Work instruction: A verbatim transcript of the data below is required, images omitted.

Source data

══════════════════════════════

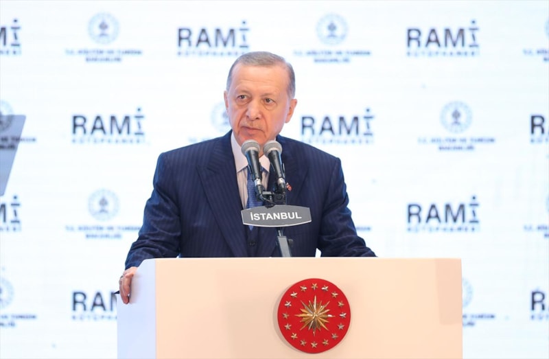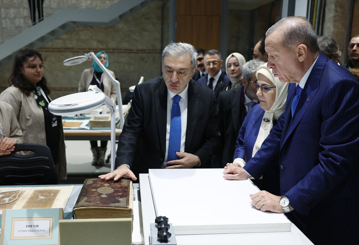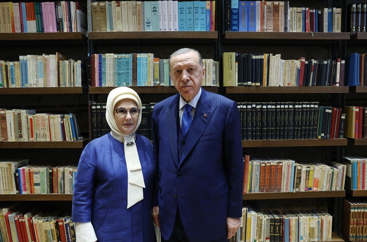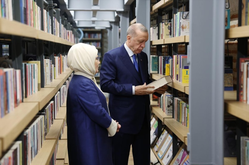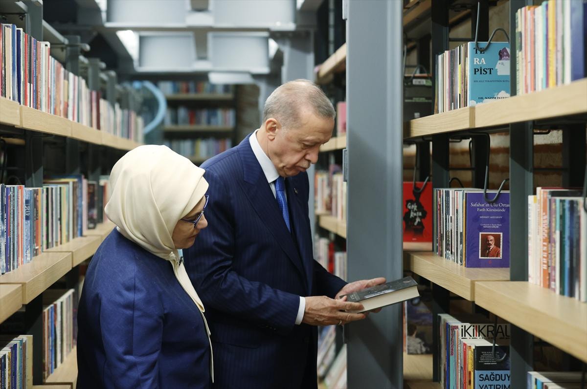 Cumhurbaşkanı Erdoğan, program öncesinde eşi Emine Erdoğan'la birlikte Rami Kütüphanesi'ni gezdi, öğrencilerle sohbet etti.
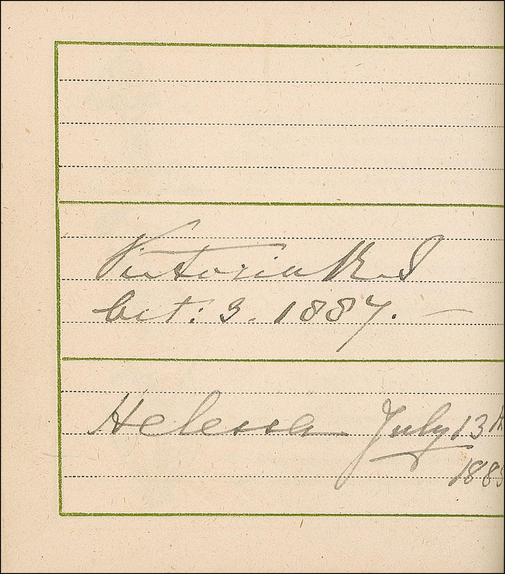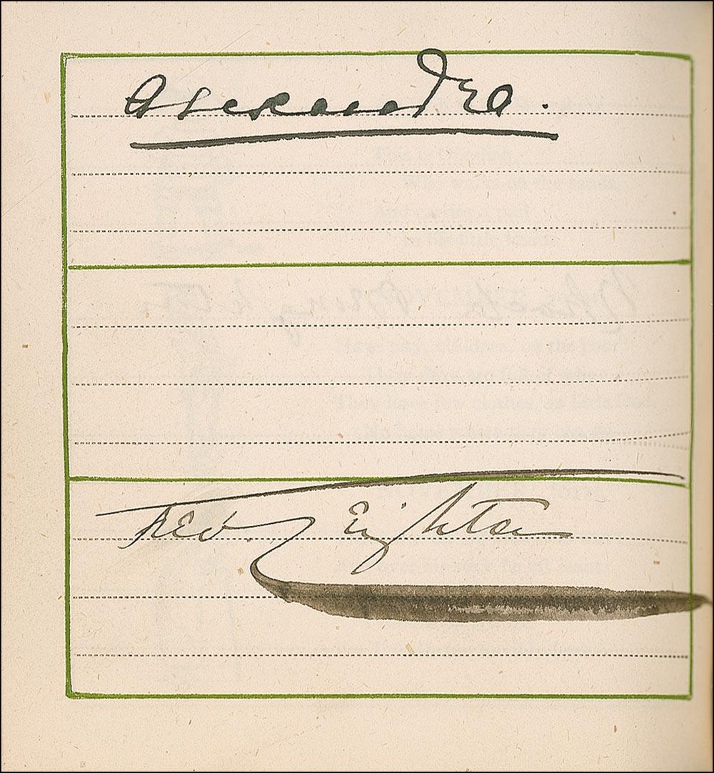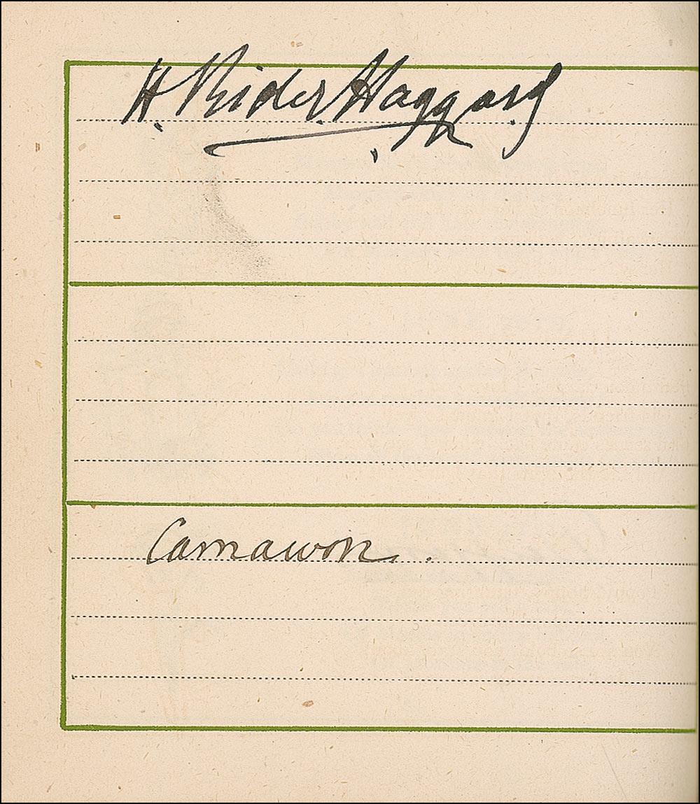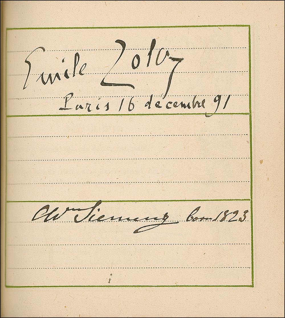 Beside Greenaway herself, the remarkable assemblage of signers include: Oscar Wilde, Charles Darwin, Louis Pasteur, Charles Dickens, George V, Queen Victoria, George Bernard Shaw, Arthur Sullivan, Algernon Swinburne, Alfred Lord Tennyson, Emile Zola, Arthur James Balfour, Beatrice, Sarah Bernhardt, James G. Blaine, Louis Botha, Paul Bourget, John Bright, Robert Browning, Randolph S. Churchill, Samuel Clemens (signing as Mark Twain), Edward VII (signing as Albert Edward), Francis, Duke of Teck, Alexander Dumas (fils), William Gillette, William Gladstone, H. Rider Haggard, Bret Harte, John Hay, Oliver Wendell Holmes, Edward Cardinal Howard, Victor Hugo, Henry Irving, James Russell Lowell, Guglielmo Marconi, Mary of Teck, Justin McCarthy, John Everett Millais, Helena Modjeska, John H. Cardinal Newman, Queen Alexandra, Queen Maud, John Ruskin, Ellen Terry, Herbert Cardinal Vaughan, and Otto von Bismark. A few opening pages detached (including Greenaway’s presentation page), some light toning and wrinkling from adhesive, brushing to a few signatures, and light wear to covers, otherwise fine condition.
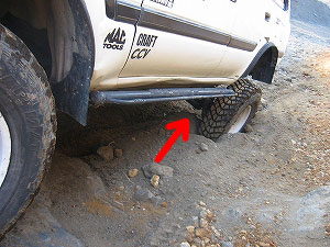 @の岩にサイドシルが当たらないようにして、 |
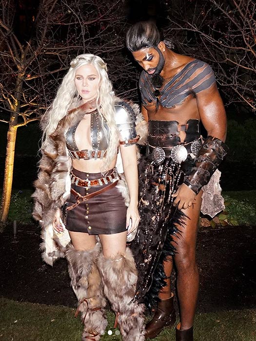 Khloe Kardashian showed her love for Game of Thrones this weekend by going as Daenerys Targaryen, and since she and Tristan Thompson are practically inseparable, the NBA player also showed up wearing a GOT costume; he went as the one and only Khal Drogo. The custom-made medieval outfits were designed by Bryan Hearns. Genius!
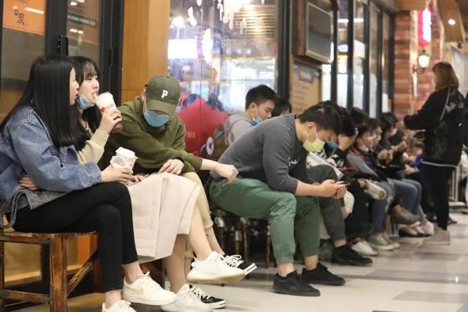 等候就餐的人们排起长队
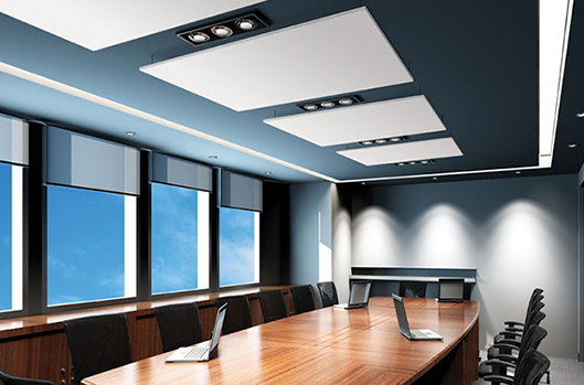 Los paneles acústicos en techo pueden instalarse fijos, directamente en el techo del espacio a insonorizar o bien suspendidos. Si el espacio u oficina cuenta con unos techos altos es cuando se optará por la opción de los paneles acústicos en suspensión, para de esta manera reducir el espacio en el que el ruido rebota y mejorar la acústica. Estéticamente mediante combinación de colores y la elección de formas se pueden conseguir resultados espectaculares.
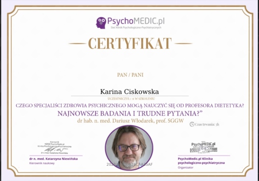 Czy Karina Ciskowska przyjmuje online, bez konieczności pojawiania się w placówce?Tak, Karina Ciskowska oferuje konsultacje online. Wybierz opcję „konsultacja online” przy umawianiu wizyty, a zobaczysz dostępne terminy.
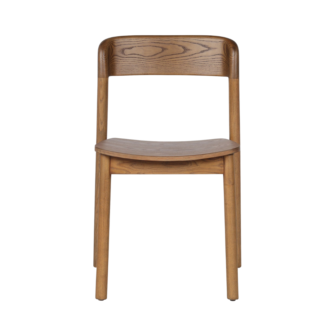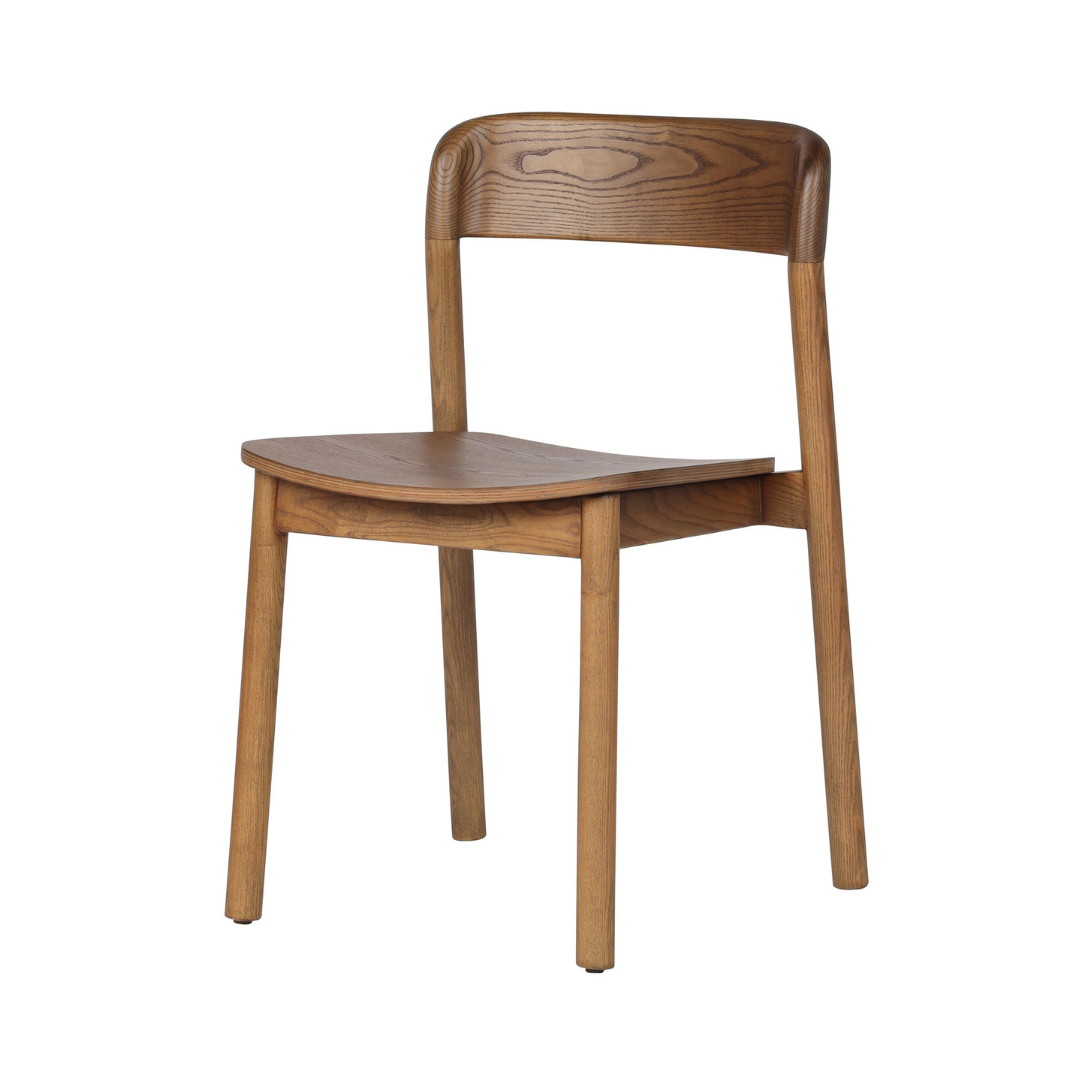 Sturdy solid wood chairs with mid-century modern styling. Rich finishing on the ash veneer is an easy match for various décor styles. Comfortable curved back creates a trendy look and provides support. Stackable design makes it easy to store away extra pieces when not in use. These commercial-grade chairs are suitable for residential or commercial use. Price is for a set of four chairs.
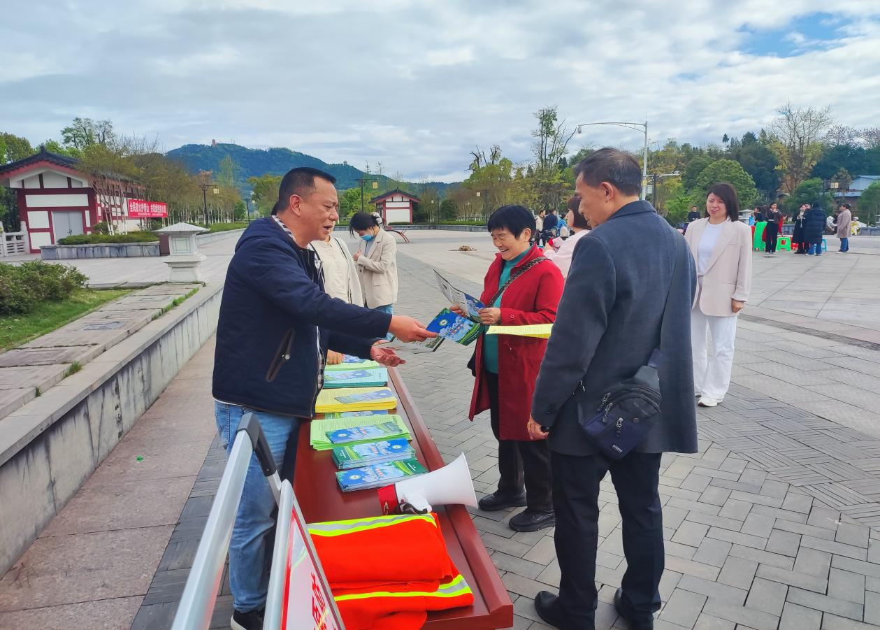 (图为翠屏街道党工委书记苟红晨,党工委副书记、街道办主任任小强,党工委委员、办事处副主任邱方全在临江公园发放宣传资料)
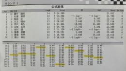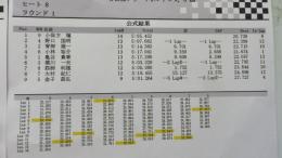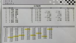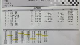 1ラウンド目のトップタイムは、アソシB5Mを使用する笹津選手がマーク。それに続くのが同じ15周をマークした木村選手、3位は先週のラウンドレースで3位表彰台を獲得して絶好調の小保方選手となっています。この後のランチタイムで成績順による組み換えが行われます。
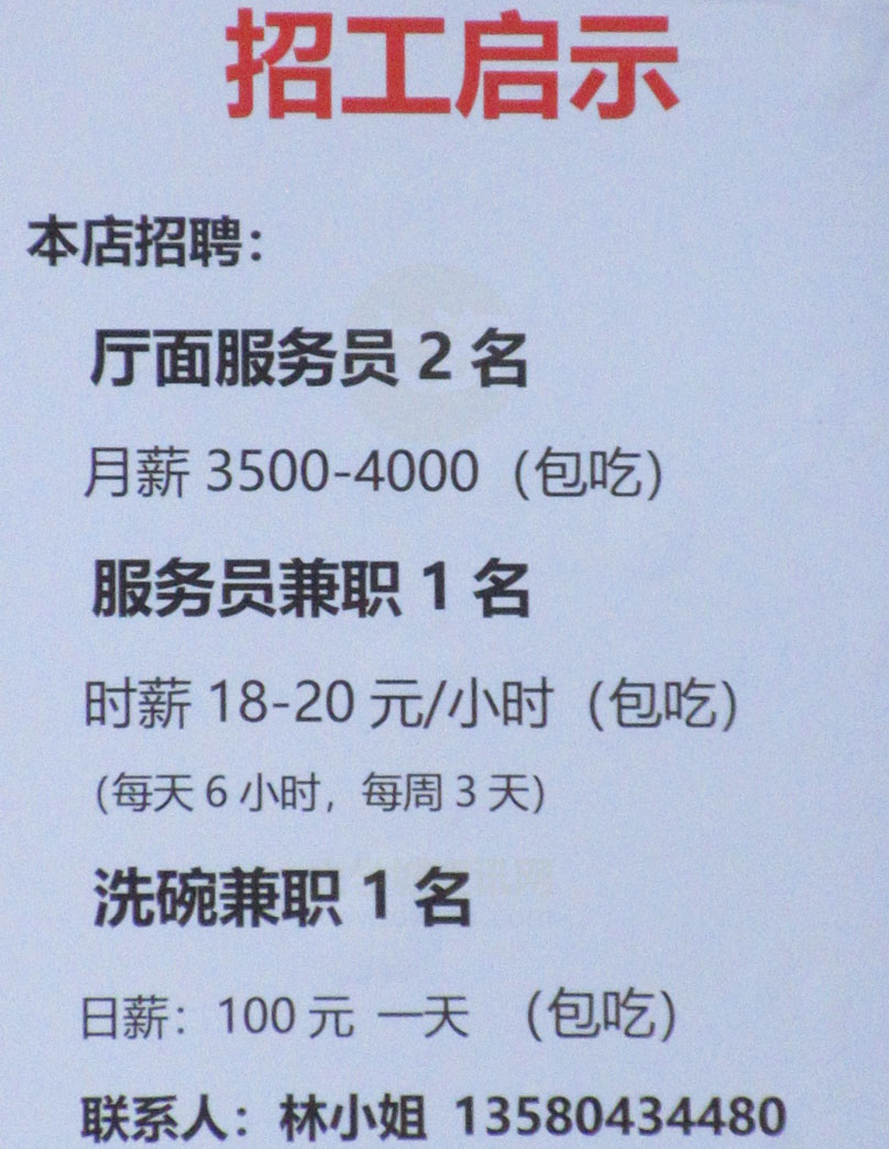 | 星汇文华一期东北 潮点烧腊茶餐厅&Just To Eat 招聘店面服务员2名,兼职1名,洗碗1名 | ||||||
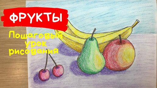 Фрукты рисунок. Как нарисовать натюрморт для детей. Натюрморт с фруктами рисунок. Композиция. Карандаши и краски.

══════════════════════════════

Task output:
 Cumhurbaşkanı Erdoğan, program öncesinde eşi Emine Erdoğan'la birlikte Rami Kütüphanesi'ni gezdi, öğrencilerle sohbet etti.
 Beside Greenaway herself, the remarkable assemblage of signers include: Oscar Wilde, Charles Darwin, Louis Pasteur, Charles Dickens, George V, Queen Victoria, George Bernard Shaw, Arthur Sullivan, Algernon Swinburne, Alfred Lord Tennyson, Emile Zola, Arthur James Balfour, Beatrice, Sarah Bernhardt, James G. Blaine, Louis Botha, Paul Bourget, John Bright, Robert Browning, Randolph S. Churchill, Samuel Clemens (signing as Mark Twain), Edward VII (signing as Albert Edward), Francis, Duke of Teck, Alexander Dumas (fils), William Gillette, William Gladstone, H. Rider Haggard, Bret Harte, John Hay, Oliver Wendell Holmes, Edward Cardinal Howard, Victor Hugo, Henry Irving, James Russell Lowell, Guglielmo Marconi, Mary of Teck, Justin McCarthy, John Everett Millais, Helena Modjeska, John H. Cardinal Newman, Queen Alexandra, Queen Maud, John Ruskin, Ellen Terry, Herbert Cardinal Vaughan, and Otto von Bismark. A few opening pages detached (including Greenaway’s presentation page), some light toning and wrinkling from adhesive, brushing to a few signatures, and light wear to covers, otherwise fine condition.
 @の岩にサイドシルが当たらないようにして、 |
 Khloe Kardashian showed her love for Game of Thrones this weekend by going as Daenerys Targaryen, and since she and Tristan Thompson are practically inseparable, the NBA player also showed up wearing a GOT costume; he went as the one and only Khal Drogo. The custom-made medieval outfits were designed by Bryan Hearns. Genius!
 等候就餐的人们排起长队
 Los paneles acústicos en techo pueden instalarse fijos, directamente en el techo del espacio a insonorizar o bien suspendidos. Si el espacio u oficina cuenta con unos techos altos es cuando se optará por la opción de los paneles acústicos en suspensión, para de esta manera reducir el espacio en el que el ruido rebota y mejorar la acústica. Estéticamente mediante combinación de colores y la elección de formas se pueden conseguir resultados espectaculares.
 Czy Karina Ciskowska przyjmuje online, bez konieczności pojawiania się w placówce?Tak, Karina Ciskowska oferuje konsultacje online. Wybierz opcję „konsultacja online” przy umawianiu wizyty, a zobaczysz dostępne terminy.
 Sturdy solid wood chairs with mid-century modern styling. Rich finishing on the ash veneer is an easy match for various décor styles. Comfortable curved back creates a trendy look and provides support. Stackable design makes it easy to store away extra pieces when not in use. These commercial-grade chairs are suitable for residential or commercial use. Price is for a set of four chairs.
 (图为翠屏街道党工委书记苟红晨,党工委副书记、街道办主任任小强,党工委委员、办事处副主任邱方全在临江公园发放宣传资料)
 1ラウンド目のトップタイムは、アソシB5Mを使用する笹津選手がマーク。それに続くのが同じ15周をマークした木村選手、3位は先週のラウンドレースで3位表彰台を獲得して絶好調の小保方選手となっています。この後のランチタイムで成績順による組み換えが行われます。
 | 星汇文华一期东北 潮点烧腊茶餐厅&Just To Eat 招聘店面服务员2名,兼职1名,洗碗1名 | ||||||
 Фрукты рисунок. Как нарисовать натюрморт для детей. Натюрморт с фруктами рисунок. Композиция. Карандаши и краски.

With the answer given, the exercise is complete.